Wednesday, March 11, 2009

Image Entertainment/Q Black Media Merger Update

While there is no question in my mind that both parties want the transaction to close as soon as reasonably practicable, recent payment disruptions with Nyx have made it increasingly obvious that Q-Black Media lacks the financial wherewithal to consummate the transaction. Some have speculated that Q Black Media was exposed to Bernie Madoff, a situation which wiped out the financial resources backing the $100 million Equity Committent Letter. While this is certainly possible, a more reasonable explanation is simply that Q Black Media can't get the equity investors to committ. Irrespective, it is painfully obvious that Q Black is running into financing troubles. The market is currently pricing in over a 70% chance of failure; and given that shareholders have already voted in favor of the transaction, this fact essentially translates into a 70% chance that Nyx doesn't receive the money. Personally, I think the discount is overly pessimistic, especially since no one has any real information related to the financing. In fact, the only guidance we have is that a) Nyx has been stuggling to make the deposis and b) that they are committed to completing the transaction by March 20th.

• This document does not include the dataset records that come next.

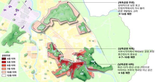 시는 주민설명회 등 주민 의견 수렴 절차가 마무리되면 주민들이 제안한 의견을 검토하고, 이후 전략환경영향평가와 전주시의회 의견 청취, 전주시도시계획위원회 심의 등의 절차를 거쳐 올 연말까지 공원 주변 고도지구 재정비를 완료한다는 구상이다.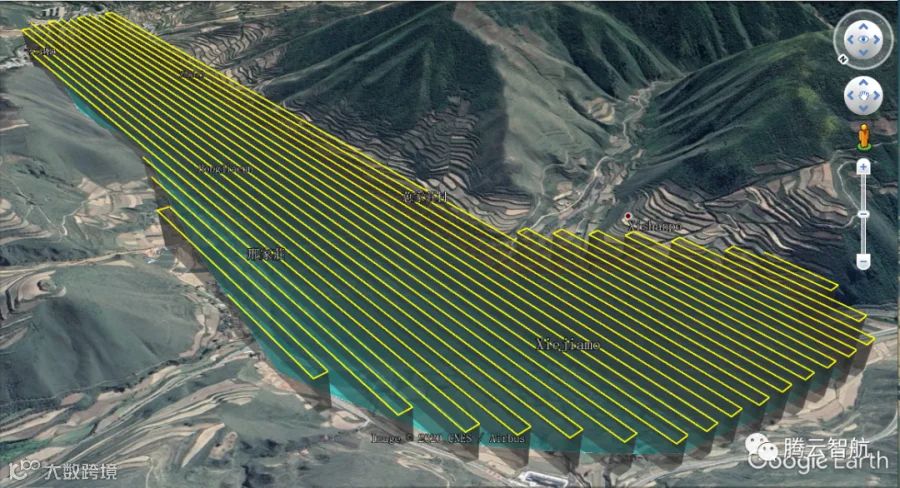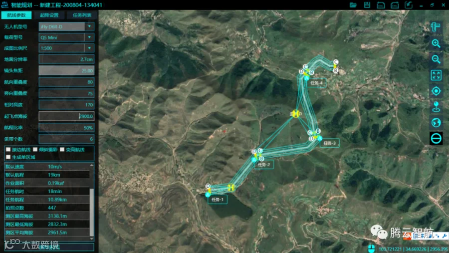 iFly智能航测助手设置地面分辨率、航向重叠率、旁向重叠率、基准面海拔后,一键式生成最优航线。本项目导入测区范围线kml后一键生成航线。该区域最高海拔为3229米,最低海拔为2913米。测区地处山区,地形起伏大,采用航向80%、旁向75%的大重叠度飞行,数据经CC处理后得到测区高精度三维模型。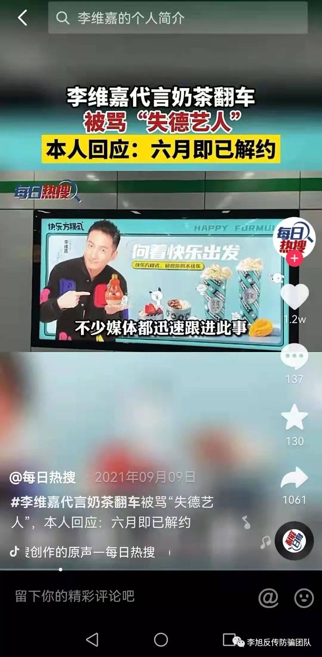 同年九月李維嘉代言的奶茶快樂(lè)方程式也發(fā)生了翻車事故,這次事故關(guān)于明星代言出事,明星代言需不需要承擔(dān)連帶責(zé)任,需要承擔(dān)怎樣的連帶責(zé)任,也成了當(dāng)時(shí)的熱門話題。很多受害者都因?yàn)樾湃蚊餍谴圆艜?huì)上當(dāng)受騙。 很多網(wǎng)友認(rèn)為明星代言賺錢太容易,但一出事就趕緊撇清關(guān)系拍拍屁股走人,也有網(wǎng)友說(shuō)明星代言翻車,只需發(fā)表聲明道歉,并不會(huì)造成多大的損失,但對(duì)于受害者來(lái)說(shuō),以后卻需要負(fù)債甚至破產(chǎn)。因此引起了眾多網(wǎng)友的憤怒。 李維嘉翻車代言事件的發(fā)生之后,央視網(wǎng)也發(fā)布了央視網(wǎng)發(fā)布了一條視頻,邀請(qǐng)律師回應(yīng)了公眾關(guān)注的明星代言問(wèn)題,并借助李維嘉代言翻車事件詳細(xì)說(shuō)明了藝人該承擔(dān)怎樣的連帶責(zé)任。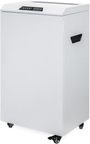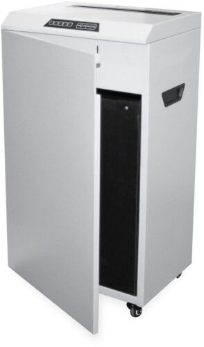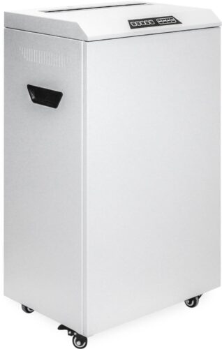 Уровень шума при работе устройства составляет 50 дб, что соответствует умеренному звуковому фону и делает шредер подходящим для использования в офисной среде без создания дискомфорта для сотрудников. Компактные габариты устройства 460х837х335 мм и вес 48.8 кг обеспечивают удобство размещения и эксплуатации в рабочих помещениях с ограниченным пространством.

In my opinion, an unbiased estimate should be closer to 50%. While I consider this transaction especially risky there seems to be a good chance for profit should the transaction go through. If Nyx is able to obtain the necessary financing by March 20th, 2009, Nyx will pay $2.75/share in cash. The current per share trading price is $1.38, or approximately 50% discount from the cash consideration value. This translates into a 100% HPR return, or approximately 4800% annualized return (transaction could close in a week). If Nyx is unable to obtain the financing, Image will likely fall to $1 per share, which represent a 27% HPR loss, or approximately 1300% annualized loss. It will be interesting to see what happens.